Minerals are available. What causes this? He is a 3 month old Oberhasli. Not nuetered yet. Will have to band him here next week. Anyone want a Ober buckling. LOL I will sell him. I live in S. Oregon


----------



## Nanno (Aug 30, 2009)

I remember Cuzco's horns did that too when he was the same age as your fella. It looked to me like a young goats' horn buds are different from the "adult" horn material that grows in underneath. I thought Cuzco's horns were falling apart and I was a bit worried for a while. But eventually he rubbed them down to a point and they've looked quite normal ever since.

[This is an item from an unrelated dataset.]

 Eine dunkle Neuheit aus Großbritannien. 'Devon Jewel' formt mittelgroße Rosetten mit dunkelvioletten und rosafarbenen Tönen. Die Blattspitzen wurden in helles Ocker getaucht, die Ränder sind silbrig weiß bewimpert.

Here's a photo of Cuzco when he was three months old. You can see how rough his horns looked. It looked like there was a sheath over the horns that was breaking down and rubbing off. They looked quite normal a couple of months later. 
View attachment 1655


Here's another photo of Cuzco's horns a few weeks later. You can see he has that peeling, broken-off look that your goat has. 
View attachment 1656


----------



## Deschutes Dawn (Sep 24, 2013)

Radena, what would it take to get this guy to central Oregon?


----------



## ryorkies (May 4, 2010)

deschutes dawn said:


> Radena, what would it take to get this guy to central Oregon?

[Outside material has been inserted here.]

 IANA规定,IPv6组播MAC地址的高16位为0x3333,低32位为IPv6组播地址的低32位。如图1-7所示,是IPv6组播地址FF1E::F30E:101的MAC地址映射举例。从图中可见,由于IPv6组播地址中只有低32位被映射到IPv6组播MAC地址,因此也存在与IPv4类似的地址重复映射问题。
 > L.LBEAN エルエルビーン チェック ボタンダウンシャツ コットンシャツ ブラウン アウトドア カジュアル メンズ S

I am in Klamath Falls area. 
541-nine73-eight83zero
to discuss it.


----------



## sanhestar (Dec 10, 2008)

this is a normal growing process, no need to worry. Horns will be smooth in a few weeks.


----------



## Saltlick (Jun 12, 2011)

Happened to my Saanen too when his horns were growing but they turned out just fine.


----------



## ryorkies (May 4, 2010)

Thank you everyone. It is nice to know it is normal. And not something I was
neglecting in his nutritional needs.​


----------